- Born: 25 August 1974 (age 51) London, United Kingdom
- Occupation: Actor
- Known for: Neighbours, The Secret Life of Us

= Benjamin McNair =

Australian actor (born 1974)

Benjamin John McNair (born 25 August 1974) is an Australian actor, best known for his role as Malcolm Kennedy in the soap opera Neighbours.

==Early life==
McNair was born on 25 August 1974 in London. He moved to Australia with his family when he was 18 months old. He developed an interest in performing and studied at the Mona Vale Film & TV School, before completing a season at the NIDA Summer School in Sydney. He then joined the Australian Theatre for Young People.

==Career==

After leaving school in 1992, McNair appeared in several television commercials and had guest roles in television dramas G.P. and Home and Away.

McNair played Malcolm Kennedy in the soap opera Neighbours from 1994 to 1997, returning briefly in 2002, 2004, 2011 and 2014 with a cameo appearance in 2005, and also in 2022.

He left Neighbours in 1997 and travelled to the UK where he performed on stage in several Christmas pantomimes such his role as Prince Charming in Sunderland's Cinderella and at Tunbridge Wells in Snow White and the Seven Dwarfs.

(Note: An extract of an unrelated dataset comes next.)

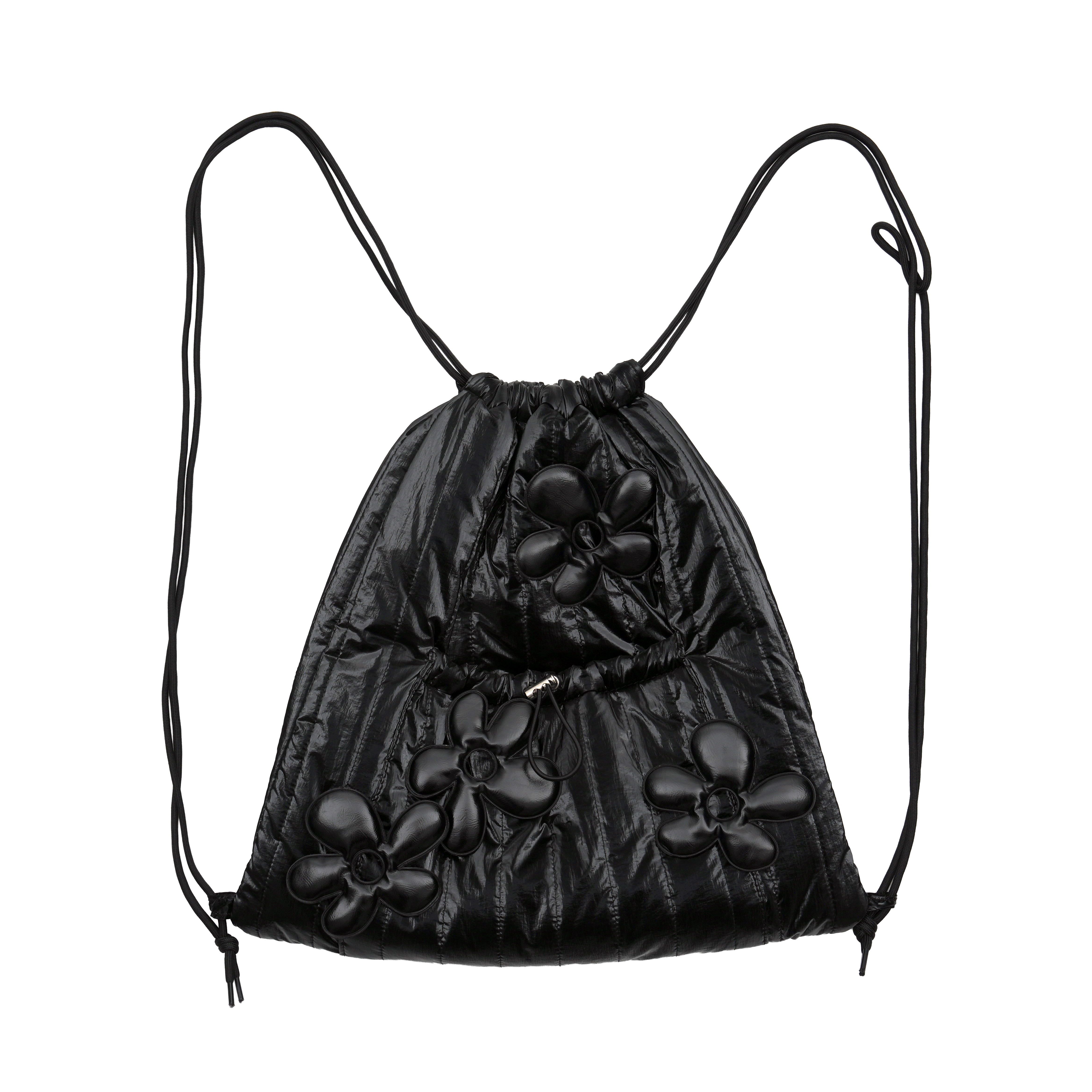 [DOSAN] glossy flower string bag black

Since leaving Neighbours, McNair has continued acting on television and stage. He was cast as Joseph in the original The Secret Life of Us telemovie for Network Ten in Australia in 2001 and later played Joseph, the boyfriend of Deborah Mailman, during the first season of television series of the same name.

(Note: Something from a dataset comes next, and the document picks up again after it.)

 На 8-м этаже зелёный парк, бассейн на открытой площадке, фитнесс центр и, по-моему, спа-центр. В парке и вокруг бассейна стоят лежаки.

He has guest-starred in television series such as All Saints (1999), Something in the Air (2001), and Blue Heelers (2000; 2002; 2005). He also played lead roles in Marshall Law (2002); Nine Network's Stingers (2004); Last Man Standing (2005); and the children's series Wicked Science. He co-starred in the short film Umbrella Men with Damian Walshe-Howling.

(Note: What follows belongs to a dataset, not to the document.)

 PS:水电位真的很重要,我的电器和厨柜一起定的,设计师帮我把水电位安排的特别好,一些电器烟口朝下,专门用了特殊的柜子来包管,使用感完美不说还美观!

McNair continued to perform on stage, returning to England to play the role of Ferdinand in the Stafford Summer Festival's production of Shakespeare's The Tempest in 1999. He has also appeared as Matt in Broken; Darko Reeves in Blowback; Casper St Clair in Next Best Thing, and seven different characters in the black comedy The Steve Promise Story.

McNair is a voice over artist who can be heard on numerous radio and television adverts.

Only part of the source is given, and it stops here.